Abstract Casestudy Intraductal papillary neoplasm of the bile duct (IPNB) is a variant of bile duct carcinoma that is characterized by intraductal growth and better outcomes compared with common cholangiocarcinoma. IPNBs are mainly found in patients from Far Eastern countries, where hepatolithiasis and clonorchiasis are endemic. Approximately 40%-80% of IPNBs are associated with invasive carcinoma. The invasive carcinomas are most often tubular or mucinous type. Invasive neuroendocrine component has not been previously described. We present a case of 69 year-old African American male who presented with worsening abdominal pain and jaundice over few months. Computed tomography showed 4 cm mass near the porta hepatis with massive ductal dilatation. A fine needle aspiration of the mass was performed and a diagnosis of adenocarcinoma was made. Subsequently, the patient underwent Right Trisegmentectomy. Conclusion Histologic sections revealed intraductal papillary neoplasm in the bile duct lumina. The papillae were lined by columnar epithelial cells with delicate fibrovascular cores. The tumor cell nuclei were slightly elongated, hyperchromatic and basally located without significant multilayering. The cytoplasm was eosinophilic with occasional intestinal differentiation. Frank invasion of the stalk and underlying periductular tissues was identified. Interestingly; the invasive component had different cytological features than the intraductal component, it was composed of small to medium sized cells with granular cytoplasm.
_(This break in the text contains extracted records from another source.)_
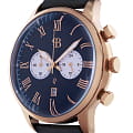 Стальной корпус круглой формы диаметром 43.8 мм и толщиной 12.3 мм выполнен из нержавеющей стали, что обеспечивает высокую прочность и долговечность. Натуральный кожаный ремешок шириной 22 мм помогает оптимально зафиксировать часы на вашей руке и является их грамотным дополнением. Ремешок выполнен в синем цвете, что придает часам элегантный и современный вид.
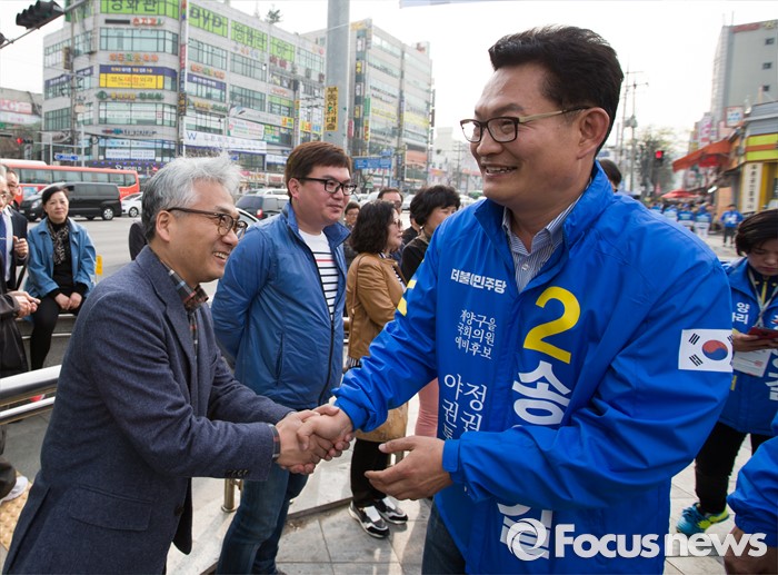 (인천=포커스뉴스) 제20대 총선에 출마한 송영길 더불어민주당 계양을 후보가 6일 오후 인천 계양구 계산역 앞에서 선거운동을 하고 있다.
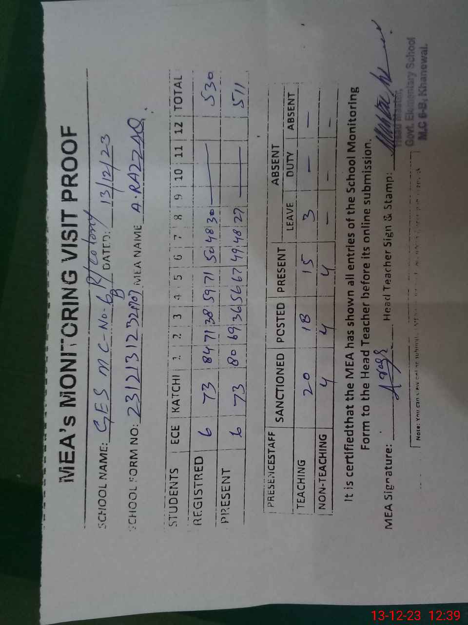 | EMIS Code: 36420061 | Name of School: GES MC NO.6-B, RAILWAY COLONY, KHANEWAL | |||
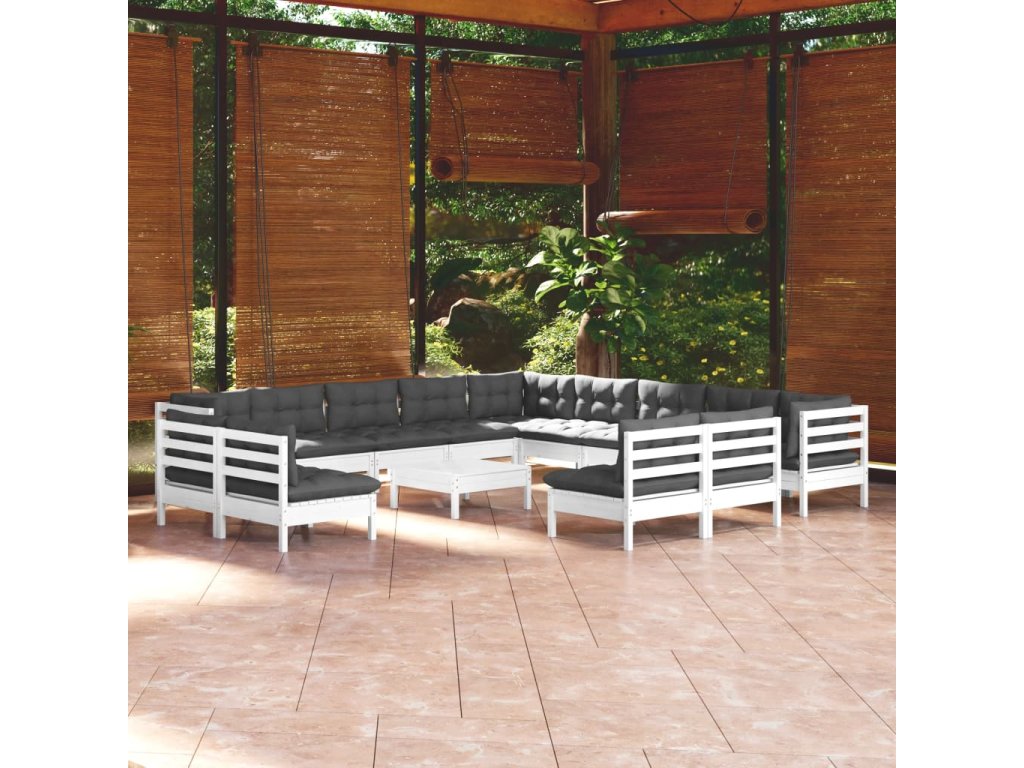 14dílná zahradní sedací souprava podušky bílá masivní borovice 3096894
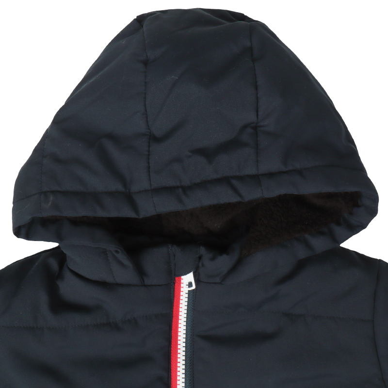 ●ベビー中綿入りジャケット。●防寒も裏ボアツキで温かい仕様となっています。寒い季節のお出かけや外遊びに必需品となる商品です。●ファスナーガード付きで、肌の巻き込みを防止します。フード付き(取り外し不可)。
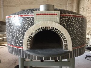 La première, la plaque de cuisson proprement dite, est fabriquée avec des matériaux volcaniques spéciaux, de 6 cm de long, qui ont la propriété d’accumuler rapidement la chaleur nécessaire à la cuisson; le second est formé par une base en ciment réfractaire et sable volcanique qui absorbe la chaleur et la renvoie au premier; c’est un isolant spécial qui agit comme un miroir sur la chaleur, la repoussant vers le haut; les deux autres couches sont composées de sels naturels qui ont pour fonction de sécher l’humidité contenue dans les pizzas.
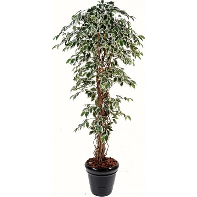 Umělý fíkus vysoký 210cm vč. květináče. Velké umělé listy mají zeleno-krémovou barvu a propracovanou přírodní strukturu. Kmen obrostlý liánami je vyrobený z přírodního dřeva....
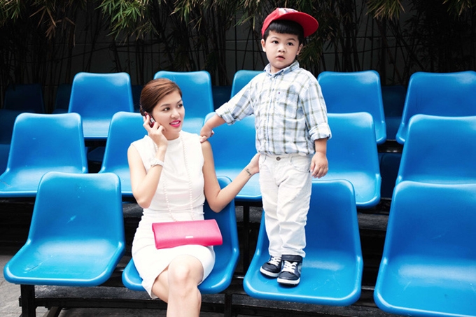 Old  Cool Hoa hậu Oanh Yến đưa cậu cả theo chân đi chụp hình
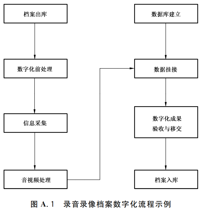 5.5.1 應(yīng)依照相關(guān)法律法規(guī)和各類技術(shù)標(biāo)準(zhǔn) ,制定相關(guān)的工作流程和各環(huán)節(jié)操作規(guī)范等 ,對(duì)錄音錄像 檔案數(shù)字化全過(guò)程進(jìn)行有效的控制 ,確保數(shù)字化成果質(zhì)量。錄音錄像檔案數(shù)字化流程示例參見(jiàn)附錄A。
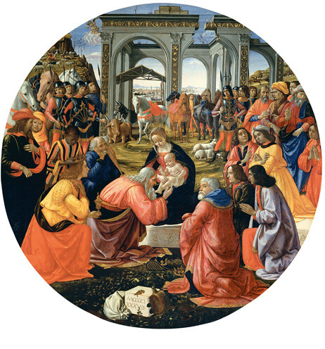 Доменико Гирландайо, Поклонение волхвов Торнабуони , 1487 г. Панель, темпера, диаметр 172. Флоренция: Уффици.

The nuclei were uniform and round with “salt and pepper” chromatin. The invasive component stained positively for the neuroendocrine markers (Synaptophysin, Chromogranin and CD56), whereas the intraductal component stained positively for CK7, CK20 and CDX2 and negative for neuroendocrine markers. Three years later, a recurrent tumor was found in the left lobe on imaging. Biopsy of the lesion showed metastatic neuroendocrine carcinoma. The intraductal papillary neoplasm with invasive neuroendocrine component is very unusual tumor, we think more studies are warranted to best evaluate the treatment options and the prognosis of such neoplasms.